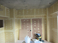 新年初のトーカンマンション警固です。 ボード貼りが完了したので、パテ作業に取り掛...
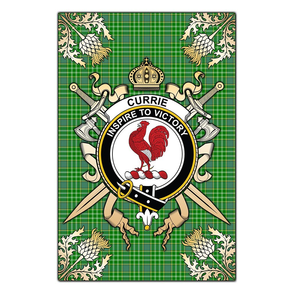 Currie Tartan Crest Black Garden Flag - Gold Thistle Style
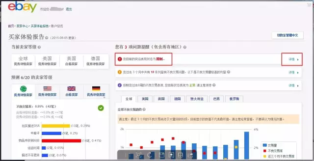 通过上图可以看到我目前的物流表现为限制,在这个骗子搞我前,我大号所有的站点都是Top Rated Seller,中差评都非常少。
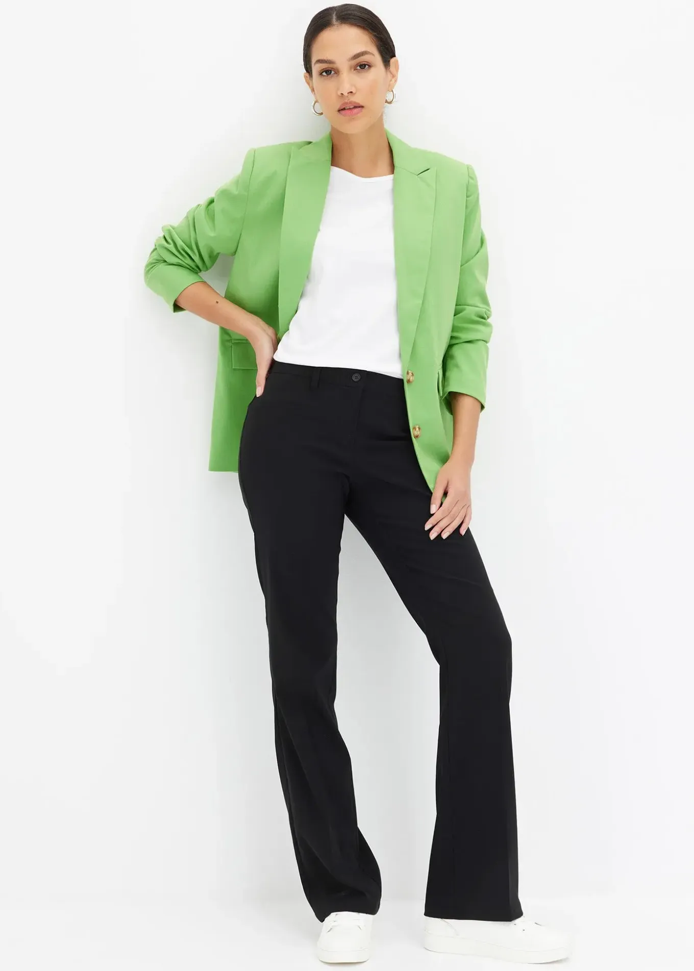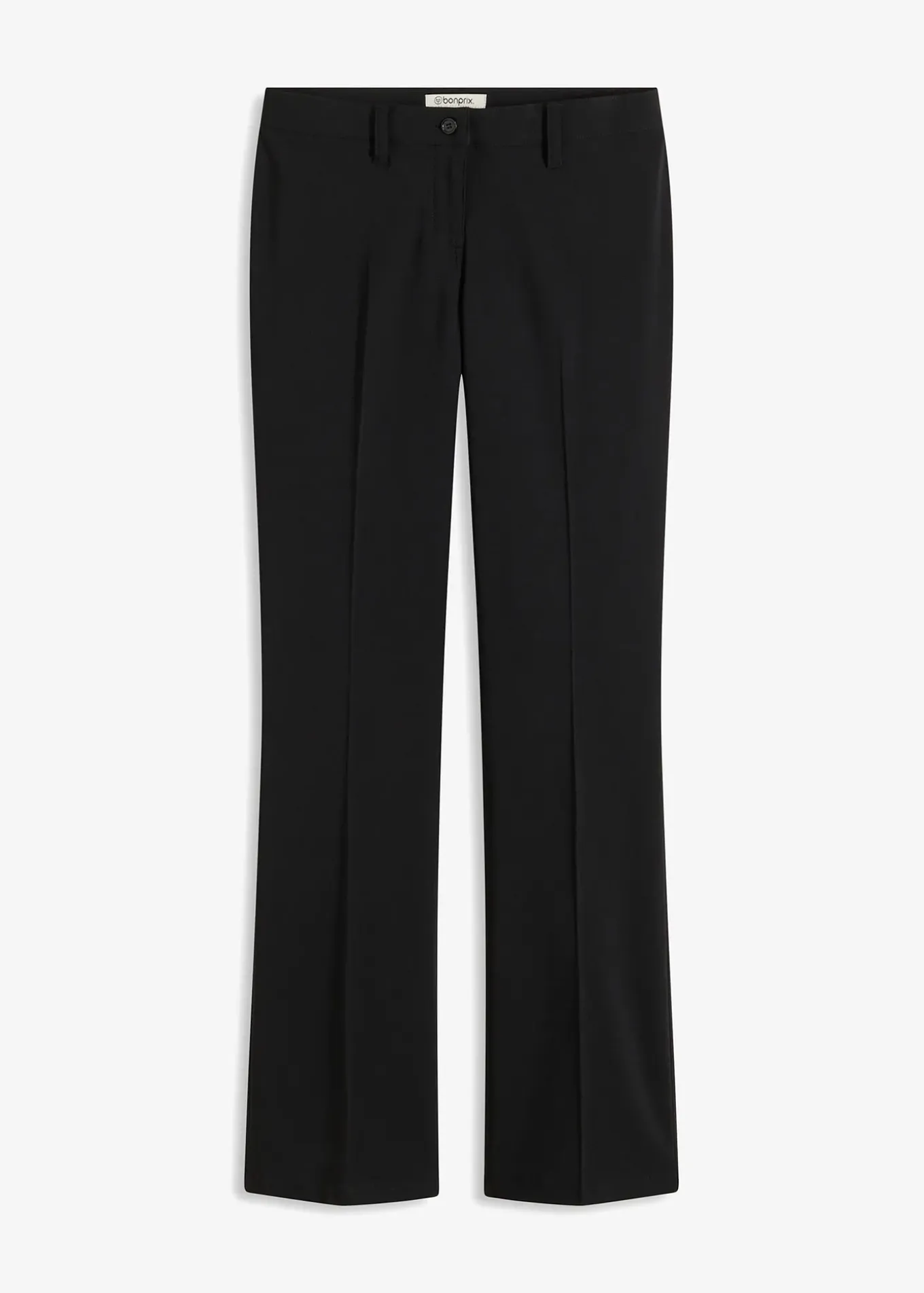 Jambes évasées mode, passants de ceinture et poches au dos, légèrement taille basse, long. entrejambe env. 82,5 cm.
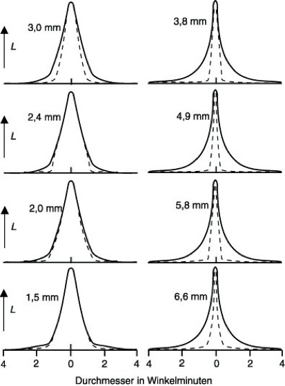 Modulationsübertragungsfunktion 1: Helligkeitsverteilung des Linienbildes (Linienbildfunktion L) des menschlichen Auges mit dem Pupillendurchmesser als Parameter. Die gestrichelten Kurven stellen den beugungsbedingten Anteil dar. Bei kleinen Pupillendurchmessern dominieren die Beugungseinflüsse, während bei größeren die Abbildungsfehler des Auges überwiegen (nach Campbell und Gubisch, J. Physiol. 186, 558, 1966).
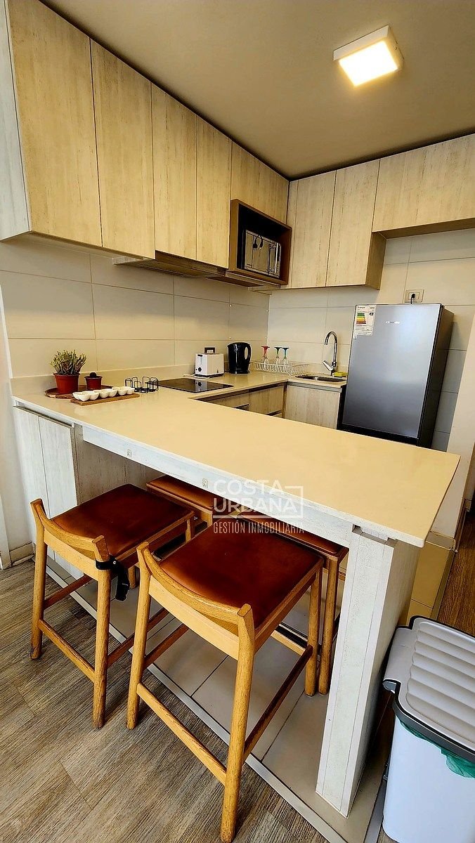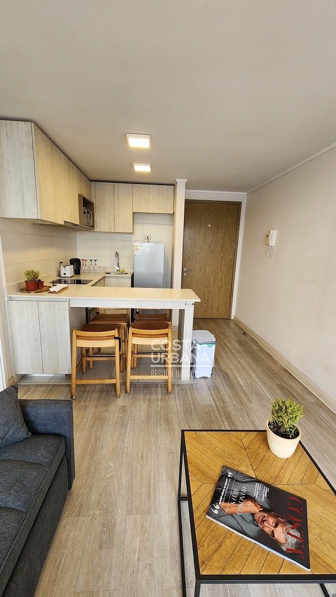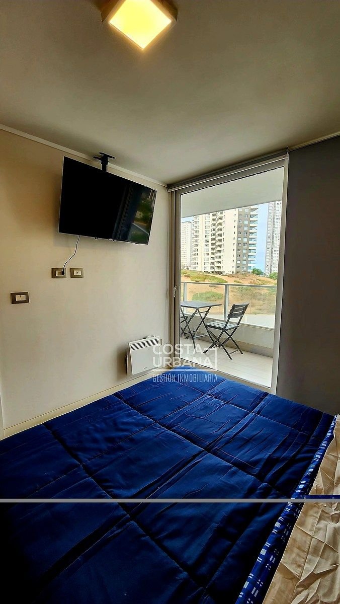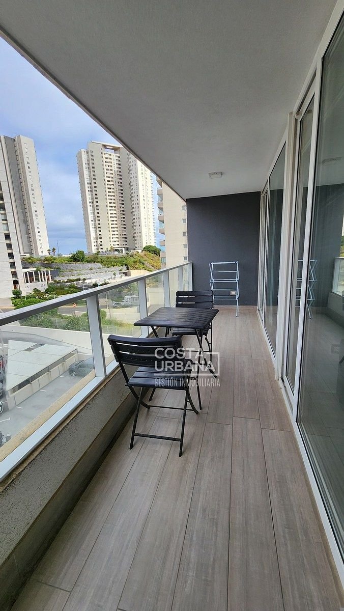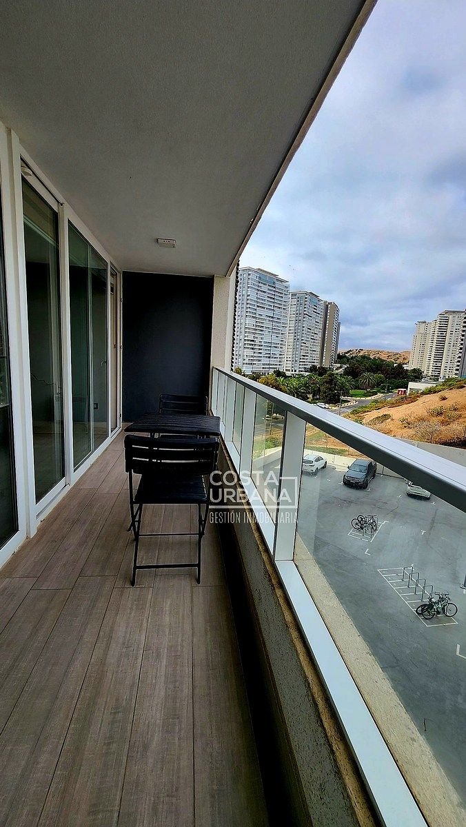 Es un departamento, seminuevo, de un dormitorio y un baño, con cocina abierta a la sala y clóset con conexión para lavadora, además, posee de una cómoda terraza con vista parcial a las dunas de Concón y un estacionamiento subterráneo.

**Work to complete**: Set down, exactly as written, each line from the one that contains "Currie Tartan Crest" to the last line of the records, but none of the pictures.

**Task response**:
 Currie Tartan Crest Black Garden Flag - Gold Thistle Style
 通过上图可以看到我目前的物流表现为限制,在这个骗子搞我前,我大号所有的站点都是Top Rated Seller,中差评都非常少。
 Jambes évasées mode, passants de ceinture et poches au dos, légèrement taille basse, long. entrejambe env. 82,5 cm.
 Modulationsübertragungsfunktion 1: Helligkeitsverteilung des Linienbildes (Linienbildfunktion L) des menschlichen Auges mit dem Pupillendurchmesser als Parameter. Die gestrichelten Kurven stellen den beugungsbedingten Anteil dar. Bei kleinen Pupillendurchmessern dominieren die Beugungseinflüsse, während bei größeren die Abbildungsfehler des Auges überwiegen (nach Campbell und Gubisch, J. Physiol. 186, 558, 1966).
 Es un departamento, seminuevo, de un dormitorio y un baño, con cocina abierta a la sala y clóset con conexión para lavadora, además, posee de una cómoda terraza con vista parcial a las dunas de Concón y un estacionamiento subterráneo.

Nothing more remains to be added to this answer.